__Prompt__
Your answer must be the exact lines from the one holding "You have: 1961" through the end of the entries, with no pictures.

(Data records)
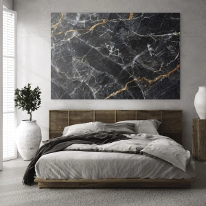 Obraz na szkle - Czarno-złote detale marmurowej powierzchni - 120x50cm - Wewnętrzne życie kamienia - Nowoczesna dekoracja ścienna do salonu i sypialni ARTTOR
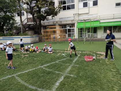 1校時目から 今日は全学年ソフトボール投げを実施します!! まずは2年生!!
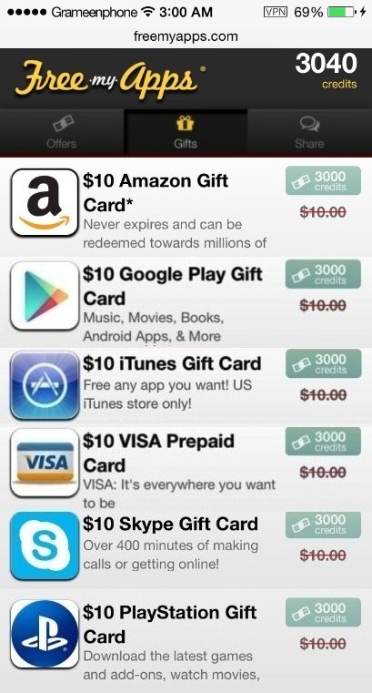 ▓ ▓ উপরের ছবিতে দেখুন freemyapps এর মাধ্যমে 3000 credits জমা হলেই আপনি $10 ডলার মূল্যের গুগল প্লে গিফট কার্ড, আইটিউন্স গিফট কার্ড, অ্যামাজন গিফট কার্ড, ভিসা প্রিপেইড কার্ড, সনি প্লে স্টেশন, স্কাইপ সহ আরও অনেক ধরনের গিফট কার্ড সংগ্রহ করতে পারবেন।
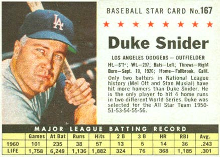 You have: 1961 Post Cereal Box Baseball Card #167b Duke Snider (company) (Hall of Fame)
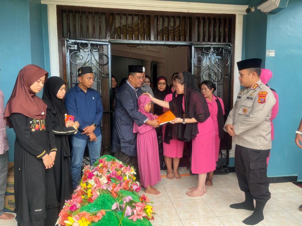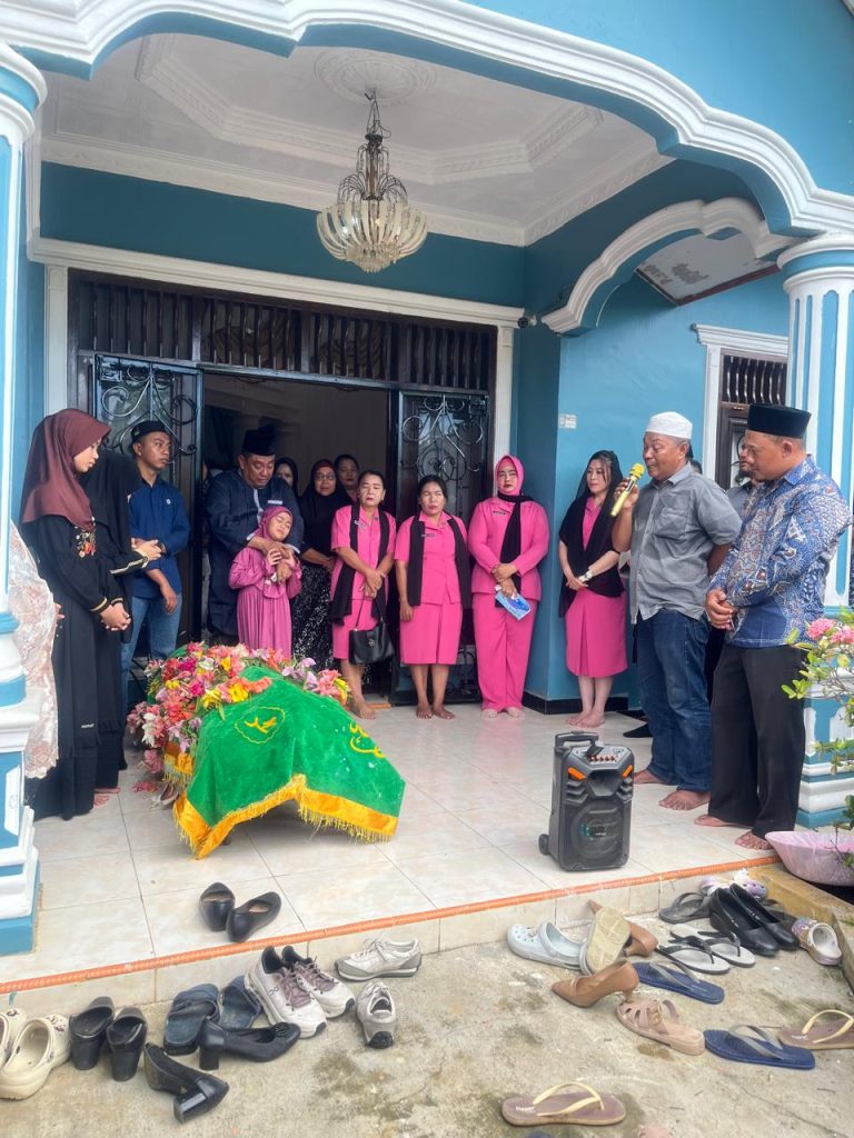 Ketua Bhayangkari Cabang Labuhanbatu Selatan, Ny. Olivia Aditya, turut hadir bersama anggota Bhayangkari lainnya untuk memberikan dukungan moril kepada keluarga yang berduka.

__Output for this exercise__
 You have: 1961 Post Cereal Box Baseball Card #167b Duke Snider (company) (Hall of Fame)
 Ketua Bhayangkari Cabang Labuhanbatu Selatan, Ny. Olivia Aditya, turut hadir bersama anggota Bhayangkari lainnya untuk memberikan dukungan moril kepada keluarga yang berduka.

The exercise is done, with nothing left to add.